Users of the Mercury system are required to be trained.  Forms are available
in WDH 8-139.  At the time you are trained, a user acccount will be created for you. 
You should never use anyone else's account or give your password to anyone.  

After logging into the Sun workstation, the Solaris Common Desktop Environment
(CDE) will appear on the screen.  Click on the VNMR icon once to open the
VNMR software.


Figure 1: Common Desktop Environment (CDE) has a menu bar at the bottom of the screen. The VNMR icon will open the VNMR software.
Clicking on [GLIDE] on the top menu bar of VNMR will start the GLIDE program. The Custom button and the Go buttons have grey dots on them since they are not setup to run an experiment yet. Select the Setup button to start a new experiment.
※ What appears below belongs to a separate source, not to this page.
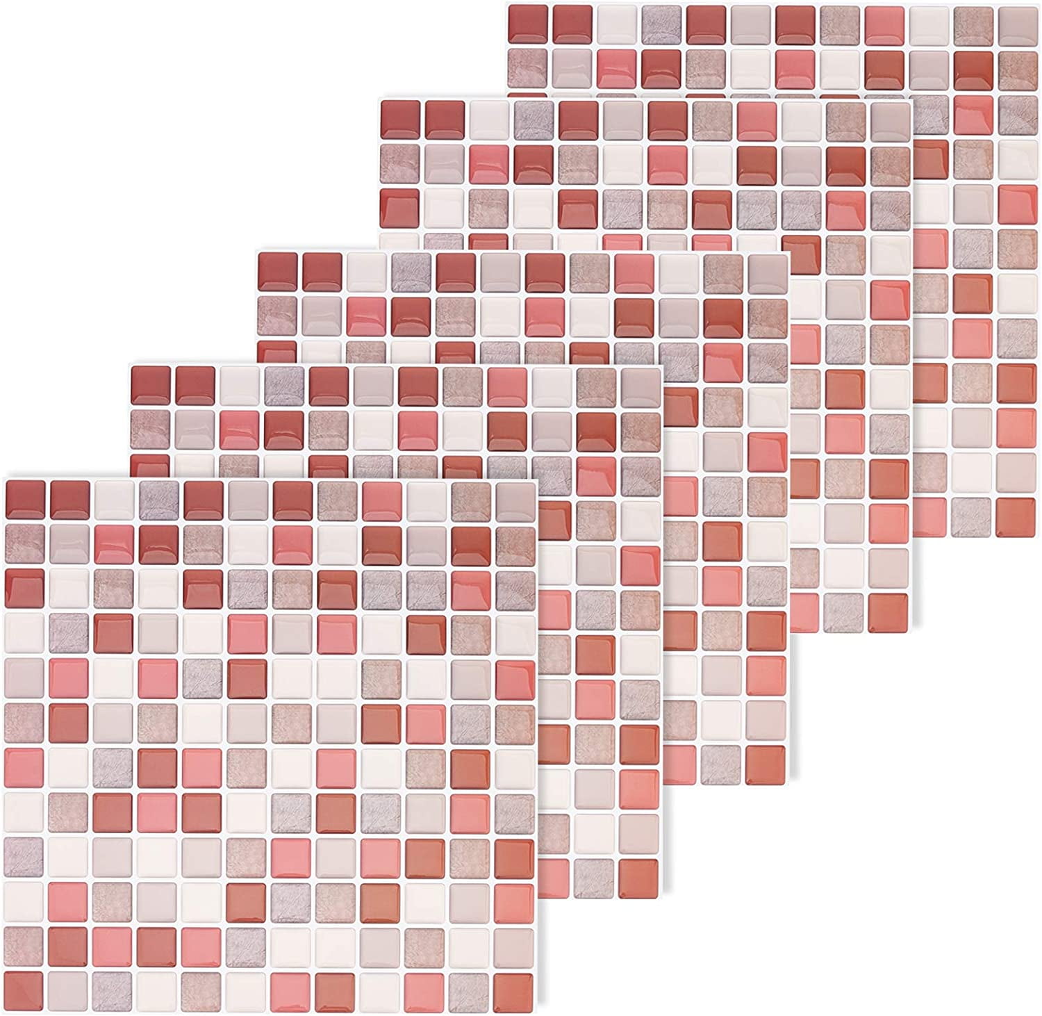 5 Sheet 3D Mosaic Tile Sticker Peel and Stick Backsplash Tile Kitchen Mosaic Wall Tiles Self-Adhesive DIY Backsplash for Kitchen Bathroom 9.3′ X 9.3′ Covering 3 Square Feet

Figure 2 : The Glide Menu can be re-sized at the corners and moved around the screen by holding down the ALT key and the left mouse button on the edge of the Glide menu.
On the Setup screen, you can eject and insert your sample. Place your sample in the spinner and measure it with the depth gauge. Remove the dummy D2O sample from the machine and insert your sample. The small down arrows indicate a pulldown menu in VNMR. Holding down the right mouse button on the arrow will open the menu. Use the pulldown menus to select the experiment and the solvent. Typically you will select Proton 1-D for the first experiment. If this is the first experiment you have started on this sample, select Autolock "yes" and Autoshim "yes". On the same set-up screen, there is a line for "Save As:". Click the left mouse button on that line and type in a name for the sample you are running. In the text box below, you can enter any text you want to help you identify the sample. (i.e. information on solvent, pH, concentration, date etc.) After you are finished, click on (Setup). The computer will then set up the pulse sequence. When it is finished, a Custom pulldown menu should appear. Figure 3 : The Custom pull down menu appears after setting up an experiment and can be re-opened after an acquisition by clicking on the arrow down on the Custom button.
Click on Acquire on the pulldown menu. The acquire menu will allow you to customize some of the parameters for the experiment. For a proton 1-D experiment, you may select a spectral window in ppm and the number of scans. Be sure to use a wide enough ppm range to encompass every signal you expect. The relaxation delay may need to be longer if you have a weak sample of a small molecule that may have a long relaxation time. The proton pulse angle may also be chosen. A shorter angle allows you to run a shorter relaxation delay and more scans in less time. A typical value is a 45 deg. angle. When you are finished, click on (Do). The instrument will then begin acquiring your experiment.
Figure 4 : The standard 1-D proton options include specifying a spectral window (in ppm), the number of proton scans, a relaxation delay, and the option of a specific pulse angle.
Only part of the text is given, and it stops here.